The DOI is a generic digital identifier for any kind of object at arbitrary levels of granularity e.g a book, page in a book, a sentence in a book. A DOI is meant to be permanent and “resolvable” to mutable information about the identified object.

Audio / Music

ISWC - International Standard Music Work Code

Subject	Musical Works
Details	Identifies musical works but not unique recordings or notations
Issuer / Issuing Process	local organizations issue ISWC (e.g. in Germany GEMA)
Standard	ISO 15707
Price per ID	free
Format	Fixed length, 11 digits: Prefix (1 digit, always „T“) Code (9 digits) Check digit (1 digit)
Range / Capacity	1 billion
Interoperability	–

ISMN - International Standard Music Number

Subject	Music
Details	Identifies Musical Notations (digital and print)
Issuer / Issuing Process	Issued by national agencies
Standard	ISO 10957
Price per ID	varies
Format	Fixed size, 13 digits Prefix (4 digits, always 979-0) Publisher (3 to 7 digits) Publication (1 to 5 digits) Check digit (1 digit)
Range / Capacity	cannot be calculated
Interoperability	same format as ISBN -> can be used as EAN

ISRC - International Standard Recording Code

Subject	Music
Details	Identifies Musical Recordings for licensing
Issuer / Issuing Process	IDs can be ordered online
Standard	ISO 3901
Price per ID	starting at about 50 € for one ID, larger quantities are cheaper
Format	Fixed length, 12 digits Country Code (2 letters) Publisher Code (3 digits) Year (2 digits) Code (5 digits, ascending number)
Range / Capacity	up to 100 million
Interoperability	EAN for CDs etc. can be ordered with ISRC

All three identifiers serve a slightly different purpose but as they are not interoperable it seems rather complicated and confusing to distinguish between them.
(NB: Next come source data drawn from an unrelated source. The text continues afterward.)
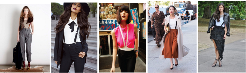 Classic - channel yesteryear with the timeless looks featured below, a pair of black wide leg slacks and suspenders are just as great at work as the are for a night out on the town.
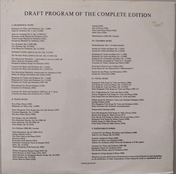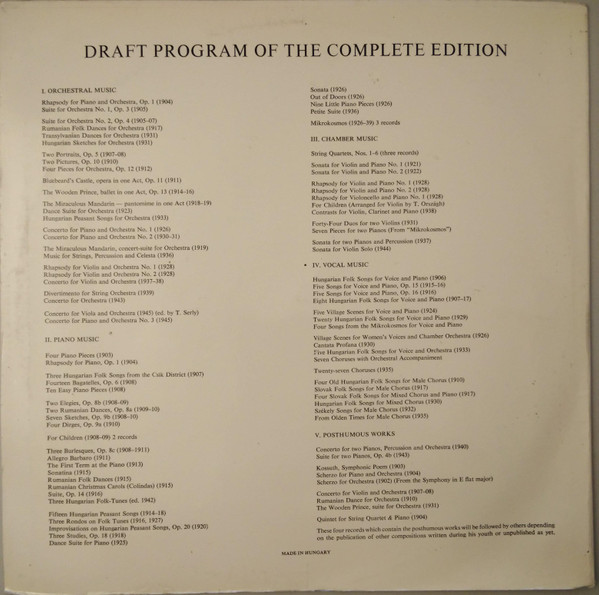 € 6.50 Media: Very Good (VG)Hoes: Very Good (VG)Bartók Béla* – Dezső Ránki – Piano Music (Three Burlesques Op. 8c / Allegro Barbaro / The First Term At The Piano / Sonatina / Rumanian Folk Dances / Rumanian Christmas Carols / Suite Op. 14 / Three Hungarian Folk-tunes) (LP, RP)
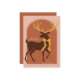 Nesta temporada de festas, envie um toque de elegância com um cartão de Natal impressionante. Com um cervo requintado com chifres amarelos dourados e arco contra um fundo de terracota e rosa desbotado, este cartão exala sofisticação e charme festivo. Personalize a frente com seus cumprimentos de fim de ano, o nome da sua família e o ano, enquanto adiciona uma mensagem especial e assinatura no verso. © Kimbellished, LLC

It would probably be more effective to have an identifier for musical works that could be extended to display a certain notation or recording.

Videos

ISAN - International Standard Audiovisual Number

Subject	Audiovisual Content (e.g. videos)
Details	Information in the ID is only about the content and not about the publisher
Issuer / Issuing Process	issued by local ISAN agencies, offline registration seems to be necessary
Standard	ISO 15706
Price per ID	varies (16€ in germany)
Format	fixed length, 12 bytes (usually hex) Root (48 bits) Part (16 bits) Version (32 bits)
Range / Capacity	about 30 trillion + different versions and episodes
Interoperability	–

The ISAN is clearly focused on audiovisual works (e.g. movies and series). This is reflected in the ID which has an element to represent the number of the episode or sequel.

YouTube Content-ID

The YouTube Content-ID enables copyright owners to detect their content in YouTube videos. Copyright owners can upload their content to the Content-ID database and uploaded videos will be checked against it. If a copyright violation has been detected, the copyright owner can decide whether to block the video or to place ads in order to generate revenues from the video. The Content-ID is proprietary and thus cannot be used for detecting copyright violations outside of YouTube.

Strengths and weaknesses of existing identifiers

Database structure

The necessity of a central agency for maintaining databases and issuing identifiers seems to be one of the main problems of almost all existing identifiers. Although some agencies claim to issue identifiers very quickly, it usually takes at least a few hours to issue an identifier, not mentioning the time spent collecting and providing the data that the agency requires. In addition to this, most agencies take a fee for issuing an ID.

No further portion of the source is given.